There’s a reason that the court system is called the judicial branch, and not the legislative branch. Justices that sit on the California bench are appointed by the sitting Governor, not elected by the people as a representative. In California, voters are given the opportunity once every twelve years to vote if a particular justice should be retained, but if that justice is booted, the current Governor is the one that gets to make the nomination for the replacement.

Needless to say, justices do not necessarily represent the will of the people they preside over. That’s why we have representatives. Representatives run for office. They tell us why they think they’d represent us well. If they do a lousy job, we vote for the other guy the next time around (two years for the State Assembly, four years for the State Senate).

The legislative branch is the one that represents the people and has the authority to propose amendments to the California Constitution. The Governor (also an elected official, I’d like to point out) also has the power to propose amendments, as well as individual citizens that may propose new legislation by popular petition.

The judicial branch is there to make sure that the laws, as stated in the constitution, are upheld. That’s it. They don’t get to make up their own laws. They don’t get to wake up one morning and decide to overturn a constitutional amendment that went through the proper legal channels and has become law. That’s not their job.

So the idea that the California Supreme Court even had a vote on whether or not to overturn the will of the people on the issue of homosexual marriage is ludicrous. Geez, this is stuff I learned in my junior high government class! California sure is nutty sometimes.

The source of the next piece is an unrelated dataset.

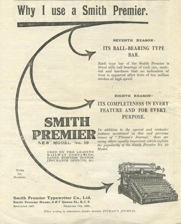 Werbeanzeige für Schreibmaschine Smith Premier 10 monochrom

At least our President (a Harvard Law School graduate) knows that the role of the judicial branch in policy is to uphold it, not to create or alter it. Or does he?

I will seek someone who understands that justice isn’t about some abstract
legal theory or footnote in a casebook; it is also about how our laws affect
the daily realities of people’s lives, whether they can make a living and
care for their families, whether they feel safe in their homes and welcome
in their own nation…I view that quality of empathy, of understanding and
identifying with people’s hopes and struggles, as an essential ingredient
for arriving at just decisions and outcomes. -President Obama, May 2009, on what he will look for in potential US Supreme Court Justice

I want a Justice that follows the rules. Hasn’t anyone in the government read The Lord of the Flies? Don’t they know what happens when the supposed leaders start making their own rules? I don’t want to ruin it for you, but I can ensure you that chaos ensues.

Let’s just hope that Sonia Sotomayor (Obama’s pick to replace the retiring Justice Souter on the US Supreme Court) understands her job description, and rules with a firm and fair hand, giving no biased rulings based on things like gender or race.

Somehow, I doubt it. Take a look at what she said in 2005:

And as far as impartiality is concerned? Here’s what she had to say about that:

I would hope that a wise Latina woman with the richness of her experiences
would more often than not reach a better conclusion than a white male who hasn’t
lived that life. -Sotomayor, 2001

Like Ralph on the final pages of The Lord of the Flies I weep for, “The end of innocence, the darkness of man’s heart, and the fall through the air of a true, wise friend.” Ralph’s friend was the bespectacled Piggy, who was chased off a cliff by bloodthirsty young boys in pursuit of his fire-starting glasses. My friend’s name is Justice, and once our country has empathetic judges that legislate from the bench on the basis of race and gender, she too will be chased off a cliff and flung to her doom.